After looking at the papers again, I’m gonna have to curb my enthusiasm. I think they messed up while taking the post-Newtonian approximation.

As others have pointed out, the bare potential (gauge dependent) shouldn’t appear in any observables. Only ‘g’ or its gradients can satisfy the equivalence principle. So the actual gravitational corrections are likely far too small cancel the anomaly.

Art,

1) The apparatus is not in free fall wrt to the Earth’s field, which is why the experiment can only detect the local acceleration, ‘g’, and its gradients.

2) The redshifted/blueshifted frequency is a dot product between two vectors. So it’s gauge independent.

3) Their argument about the magic momentum doesn’t stand either. Because it’s also gauge independent.

This discussion, while interesting, is completely irrelevant. The response from the g-2 collaboration (from the spokesperson Chris Polly):

Our spokes already replied to the authors since they made a mistake in the final conclusion. While the additional effect in the bxE term they calculate is 2ppm, they then attribute this full term to be the change in g-2. However, they forgot that that additional contribution needs to be weighted by the relative strength of the bxE term which is 1330ppm of the B field. So even if their calculation was correct, the actual contribution is 2ppm*1330ppm=2ppb. That’s negligible for the ongoing experiments measuring to ~100ppb precision. And this argument does not even involve any judgement on the validity of the additional term they calculate.

Matt Visser,

Is it obvious that the factor in (2) suppresses the effect? The muons are relativistic (gamma ~ 30) so SR effects are of order 1, the ratio of the storage ring radius to the earth radius is about 10^-5, and the correction only needs to be a few parts per billion.

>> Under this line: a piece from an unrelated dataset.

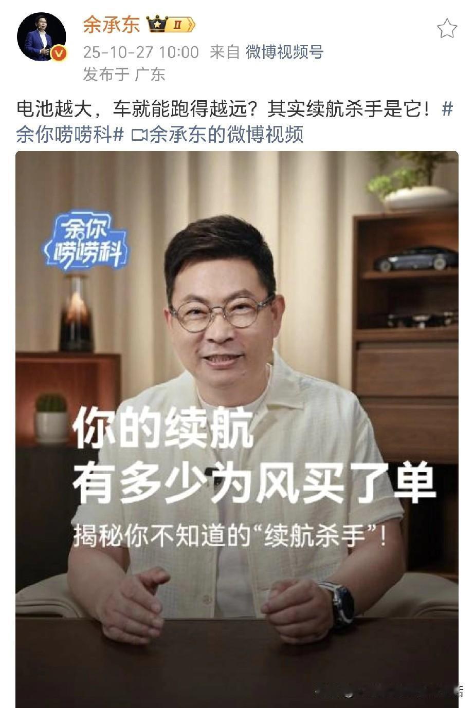 还是雷总接地气! 余总:各种技术科普和使用分享! 雷总:不是卖货就是分享健身打卡!雷总也比较勤快,一天能发好几条动态,还时不时祝大家周末愉快! 快来看,今天余承东发视频又来给大家科普了:风阻才是被我们经常忽略的续航杀手。 万万没想到啊,原来风阻对汽车续航影响这么大! 余总说车速从80增加到120,车速只增加了0.5倍,风阻力线增加到2.25倍。两辆相同电池容量的车,如果风阻系数是0.23的高速,假设能跑500公里的话,那么风阻系数0.27的大概只能跑到420公里,一看就差0.04,却足足多跑了80公里。 我开的是燃油车,虽然没有续航的焦虑,但是我也发现跑高速的时候,车速保持在90码左右跑高速最省油,车速太快,油耗会更大,你们有没有这种感觉呢? 余总在视频里向大家透露了享界S9居然把风阻系数做到了0.193,这是业界中大型豪华轿车中风阻系数最低的。 余总还表示把风阻降下来了后,不止续航更远,风噪也会变小了,给大家带来更加安静舒适的驾乘感受。 也不是吹捧,余总对产品的严格是有口皆碑,在打造鸿蒙智行全系车型时,始终坚持对每处细节反复打磨。要让高能效、高颜值、大空间和低风阻得到完美的平衡,把更极致的用户体验带给大家。华为要是亲自下场造车,估计没有其他车企什么事儿了,其实冷静下来思考,鸿蒙智行一次次的王炸,就是技术有自信,有底气,更有实力。 你们觉得呢?

OK, actually more like 10^-6, but still in the ballpark. Also it must depend on the mass density of the earth somehow (if the earth were a neutron star, the effect would be much bigger)?

G.S.

Yes, I was sorry to see that news. I never met Polchinski and my own indirect interactions with him were rather unfortunate. Rest in Peace.

Ok, maybe I should respond to some of the issues people have raised here, just for the sake of clarity.

First, in the Newtonian approximation of GR, it is a quite standard thing to choose the boundary condition $\phi(\infty)=0$ for the potential. The authors have defined $\phi(r)$ in the sentence below equation (4), and it is obvious that they use this boundary condition to set the zero-level of the potential. Given this, the potential itself becomes observable. If anyone is uncomfortable by this, feel free to substitute (throughout the paper) every appearance of $\phi(r)$ by $(\phi(r) – \phi(\infty))$, which is invariant with respect to adding a constant. This doesn’t change the result in any way.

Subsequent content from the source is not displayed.